For the past three days I’ve been attending the CDPE Momentum event in Tempe, Arizona.
What is a CDPE you ask? A CDPE is a Certified Distressed Property Expert (or certifiable depending on who you ask!) A CDPE is a Realtor who has chosen to undergo training specific to negotiating home sales where the home may be worth less than the value of outstanding loans on it. This is a “short sale”.
So, the CDPE Momentum even was a bunch of Realtors who specialize in handling short sales getting together. We had representatives from all over the country – even Alaska and Hawaii!
I’ve been to a couple of different seminars now. Most of them are dry, uninformative, and leave you wishing you had never heard about it.
In contrast, this even was fun, full of information, and I was sorry to see it end.
We covered multiple topics ranging from what the market was going to be doing in the future to determining the personality types of your co-workers.
One of the first speakers was Rick Sharga, a Senior Vice President of RealtyTrac. RealtyTrac is a company that specializes and tracking and understanding what the real estate market is doing now so that they can better see what the market will be doing tomorrow. Rick had some good and bad news for us.

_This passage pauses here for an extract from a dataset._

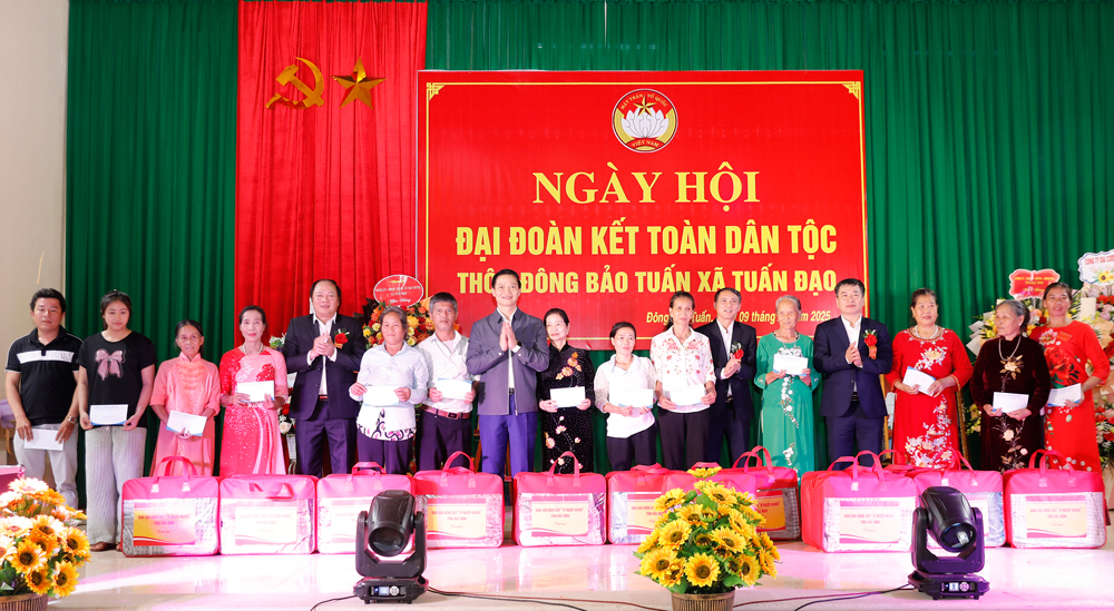 Tại Ngày hội, đồng chí Vương Quốc Tuấn trao tặng 13 suất quà cho 13 hộ nghèo thôn Đông Bảo Tuấn, mỗi suất trị giá 1,5 triệu đồng.

First, Rick does not think that a so called “shadow inventory” of REO’s will be flooding the market anytime soon. Rick believes that the banks are too concerned with maintaining stable home prices. Personally, I agree with Rick. If it was possible for the banks to catch up with and list all of the “shadow inventory” tomorrow, home prices would plummet. The housing market would crash, and crash hard. Wall street would follow, unemployment would skyrocket, and the United States would become a third world country.
I agree with this conclusion for a couple of reasons, but it all boils down to supply and demand. Two years ago there was a glut of REO homes on the market here in Phoenix. I know because I was managing a team that was selling 75 of them. NOTHING was selling during this period. Investors were staying out of the market due to fears of the falling home prices (and prices were plummeting). Occupant buyers were either unable to secure loans, or were also concerned with the rapidly dropping prices. REO’s were competing with REO’s to see who could have the lowest price on the market – and still nothing was selling.
If the “shadow inventory” were to hit the market tomorrow, we’d have the same exact situation. REO’s would be competing with REO’s to see who could be the lowest priced home on the market with the highest days on the market. Since the bank wants the best return on investment possible, even if they *could* get everything on the market tomorrow (which would be a logistics nightmare in and of itself), they’d have strong incentives to slow the supply, maintaining demand and home prices.
However, there was bad news. One of Rick’s charts had the dates for the next wave of ARM (adjustable rate mortgage) adjustments on it. They’re due to start adjusting again soon, which will lead to a whole new wave of potential foreclosures.
Luckily, Realtors and banks are now better trained and equipped to help people who want to avoid foreclosure.
Now just to give the public the knowledge to regain control of their future.